I'll list out other stuff that you're supposed to put for a software developer since that's what's familiar to me. First, there's the laundry list of programming languages. People put a list down. Great. But you self-evaluate, and there's no one to tell you how good you are at programming each of those languages. So, someone who is good may look like someone who is average.
And what does it mean to be good at programming anyway? There's familiarity with the language. A person can know the ins and outs and subtle nuances of a language. That's useful. Presumably, they can learn additional libraries? But sometimes there are problems that require an intimate knowledge of hardware, of AI, of really difficult math. In that case, that deep knowledge of a programming language knowledge may not be worth that much except that if you can master a language's intricacies, you might be the kind of person whose willing to dig deep in arcane stuff.
How about grammar?

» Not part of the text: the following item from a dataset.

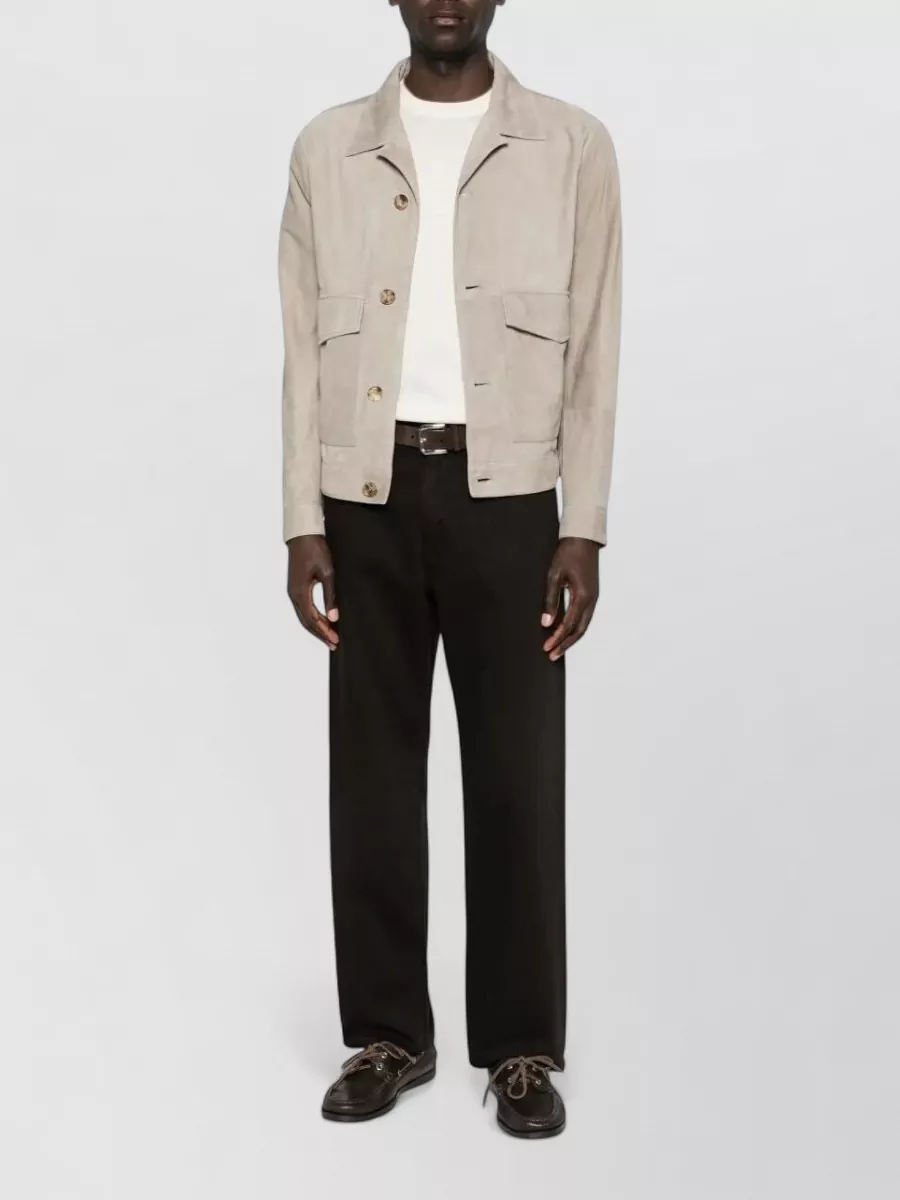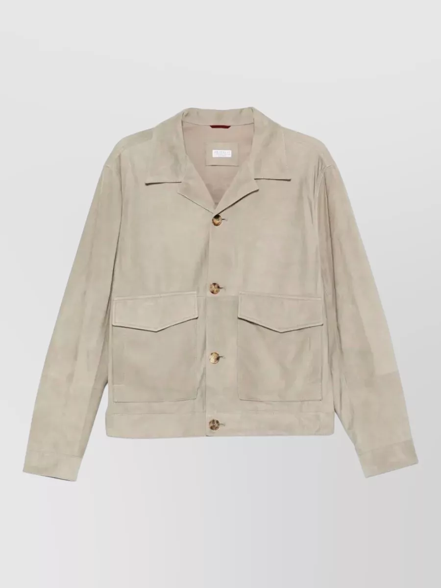 Brunello Cucinelli suede collared jacket long sleeves flap pockets

That's always one people pick on. Bad grammar equals bad employees. This is one of the silly ones people use and the use it because they want something--anything--to weed someone out. They claim "oh, it's easy to find someone who will clean up the grammar of a resume". Well, if that's the case, then it shouldn't be worth so much, right? And yet people nitpick because that's what you're supposed to do on a resume.
How about length? Some people don't want to wade through pages of a resume. I guess that's fair. But is two pages enough?

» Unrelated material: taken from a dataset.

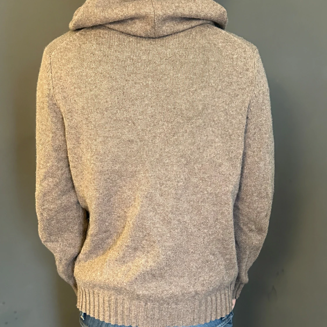Mysig beige stickad hoodie med huva och dragsko. Tröjan har lång ärm och ribbade muddar vid ärmslut och nederkant. Perfekt för kyliga dagar och enkel att matcha med jeans eller andra byxor.

The one thing about a resume most people like is that they write it themselves. This makes introverts and extroverts somewhat equal. The ideal way to write the resume isn't that ideal. This is to let a few other people write it for you. The problem is that this might favor a person who can bully someone else to write it for them. And if this were truly done, we'd discover that many people really aren't all that qualified for their jobs. Resumes are an attempt to hide that from most everyone else.
In the software development industry, maybe 10% are truly outstanding. Maybe 20% more are pretty good. These numbers I'm completely making up with some hope they resemble the truth. The remaining folks are mediocre. But the industry requires folks, and they do a reasonable enough job.

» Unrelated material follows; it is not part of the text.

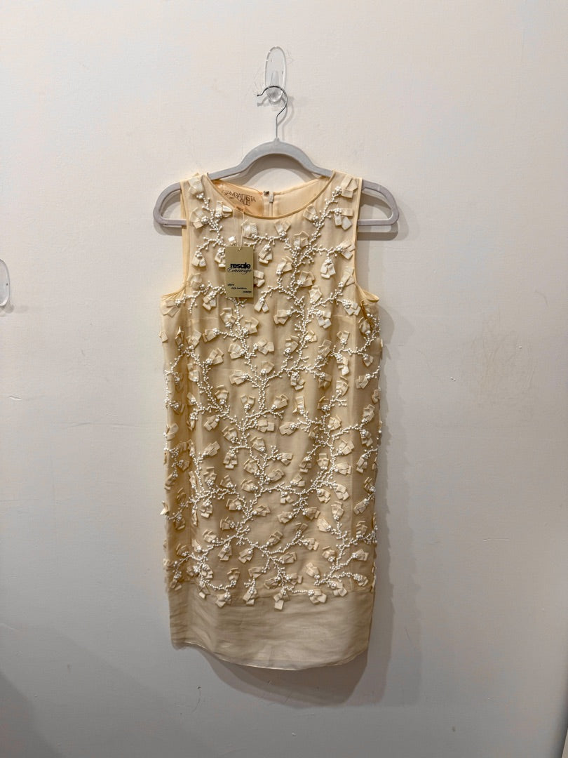 Giambatista Valli Paris Heavy Organza Embroidered Dress Off White Womens Size 40
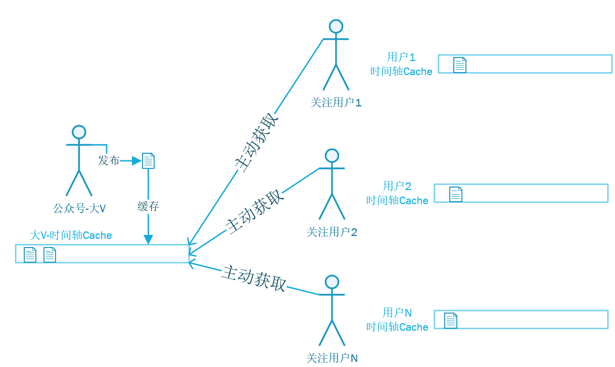 对于公众号存在大量的订阅用户,在这一场景下公众号主动更新大量订阅者的时间轴缓存,即使用Redis也需要使用几分钟,所以在这一场景下,会在前端展现之前改由订阅者主动读取公众号时间轴缓存的最新内容,如果存在多个关注的大号,则应该每一个公众号都主动刷新回最新内容,然后再把多组最新内容组装回自己时间轴缓存,最后才是进入展现环节。

For example, I play tennis. I play much better than a lot of people because most people simply don't play. But I'm sure I can find lots of people better than me. And even the number 1 player in most high school girl's teams would wallop me, even from teams that suck. And they don't compare to competitive juniors, and they don't compare to pro women ranked 200 and below who don't compare to the women in the top 100 but not in the top 10 who don't compare to women in the top ten.
Meaning that the top ten are so incredibly good, at such a higher plane than everyone in the world, that it's hard to even compare them to a really good junior.
The software industry isn't quite like this, only because there's such a wide range of problems and skills one can learn, and we're not playing a simple game with simple constraints. Even so, there are likely to be either frickin geniuses or coders that crank out code so fast, so prodigiously, so intelligently, that the rest of us would be left in the dust. Some of these find themselves writing code where they can express this talent, and some, I'm sure, just do it for fun, their job requiring little of their extreme talent.
Tennis has a way to measure skill, in the broadest sense. Can you beat someone?
The work world does not have this. And in any case, we're not looking to employ the equivalent of Steffi Graf or Andre Agassi. Most companies are looking for the very good weekend hacker, who knows their stuff well, who plays smart, and wins a bit above average, and for the most part, looks like thousands of other players.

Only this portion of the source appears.